Liturgia do IV Domingo da Quaresma

O cego de nascença dizia aos fariseus: “Jesus pôs-me lodo nos olhos; depois fui lavar-me e agora vejo…Ele é um profeta…Eu creio em Ti, Senhor”. Os textos bíblicos deste domingo revelam o mistério que celebramos na Eucaristia e prepara-nos para o encontro com Cristo ressuscitado na Vigília Pascal. Com efeito, somos nós que, para sermos reis, fomos ungidos pelo Espírito de Cristo, e para vermos, lavamos os nossos olhos nas águas do Enviado, no misterioso Siloé do sacramento do baptismo. Nós somos o cego que nasceu nas trevas, para que no nosso coração sejam reveladas as obras de Deus. No dia do nosso baptismo, fomos incorporados em Cristo, fomos ungidos como Ele para sermos sacerdotes, profetas e reis. Hoje, somos acolhidos pelo Senhor que é o nosso pastor, que preparou a sua mesa para nós, que com óleo perfuma as nossas cabeças e faz transbordar o cálice da nossa salvação.

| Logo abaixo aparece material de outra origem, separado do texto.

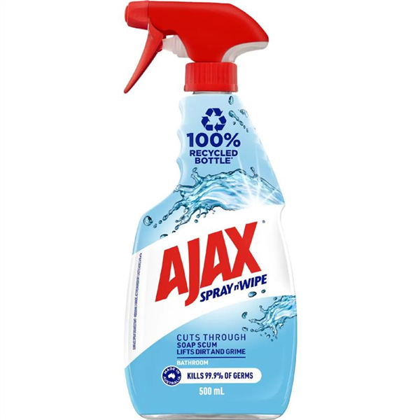 Ajax Spray n' Wipe Bathroom is a Household Grade Antibacterial Disinfectant Cleaner Trigger Surface Spray; Soap Scum Remover, made in Australia with a 100% recycled bottle
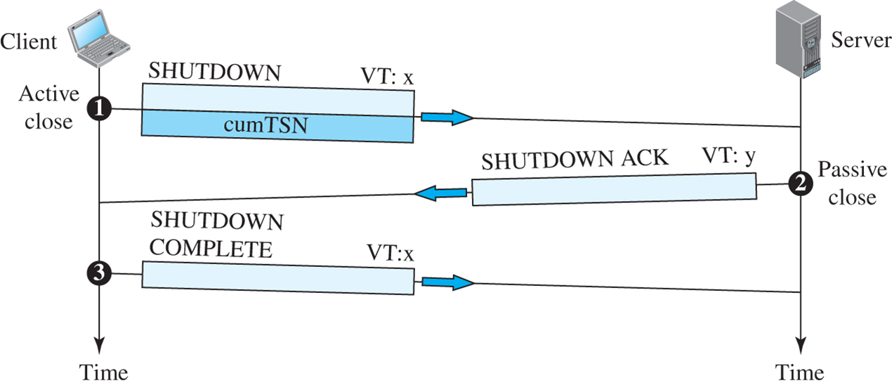 SCTP에서는 TCP처럼 데이터를 교환하고 있는데 (클라이언트 또는 서버) 참여한 2개의 어느 쪽도 연결을 폐쇄할 수 있다.
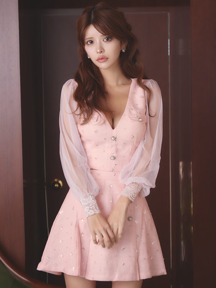 控えめかわいく輝くスパンコールとビーズを散りばめたあざとドレス。
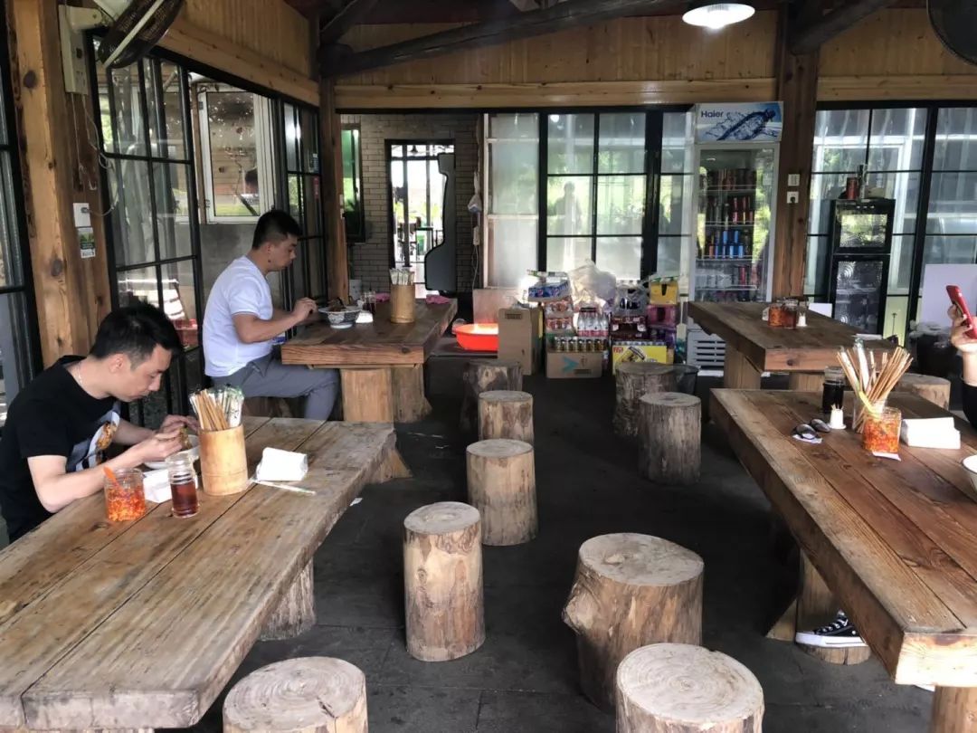 为什么文艺人士都吹爆小辫子?有原因的,人家环境无敌啊,后院就是整片茶园,桌子是整张实木条桌,摆放极其霸气,不像面店,倒像茶室。

O texto da cura do cego de nascença é a segunda catequese baptismal desta Quaresma e transmite-nos a seguinte mensagem: Cristo é a luz do mundo; pelo baptismo, somos iluminados por Cristo; com Cristo, passamos da condição de escravos à liberdade de filhos de Deus. É uma catequese sobre Cristo (Quem é Jesus de Nazaré?), mas também uma catequese sacramental (quais são os sacramentos pascais?). A cura da cegueira não é apresentada como um milagre para dar vista aos olhos daquela pessoa, mas como um sinal que é dado ao cego para que chegue a ver, em Jesus de Nazaré, o Enviado de Deus. A incapacidade daquele homem para ver a luz do dia representa a incapacidade de todo o homem e mulher para ver a luz de Deus, que é Jesus Cristo, ou seja, todos somos aquele cego! Mas nem todos somos cegos da mesma maneira. Cristo veio ao mundo “para exercer um juízo: os que não vêem ficarão a ver; os que vêem ficarão cegos”.

22-03-2020

Curando o cego, curando-nos da nossa cegueira, Jesus realiza a obra de Deus e manifesta-se como luz do mundo. Mas, há um pormenor neste texto: a piscina onde Jesus mandou o cego lavar-se tinha o nome de “Siloé”, que quer dizer “Enviado”. O cego é enviado a lavar-se na piscina do Enviado de Deus. Ele foi, lavou-se e ficou a ver. Agora, se nos perguntarem quem é Jesus de Nazaré, já sabemos responder: Jesus é o Enviado de Deus, é a luz que dá a vista a um cego para, depois, lhe dar a fé, Jesus é a luz do mundo! Agora, sabemos responder à pergunta sobre quais são os sacramentos pascais: o baptismo é o nosso Siloé, é a piscina onde nos encontramos com o Enviado, com o Senhor ressuscitado. A Eucaristia é o sacramento de comunhão com Cristo, para o encontro com a luz do mundo, para que, iluminados por Ele, possamos percorrer o caminho da vida.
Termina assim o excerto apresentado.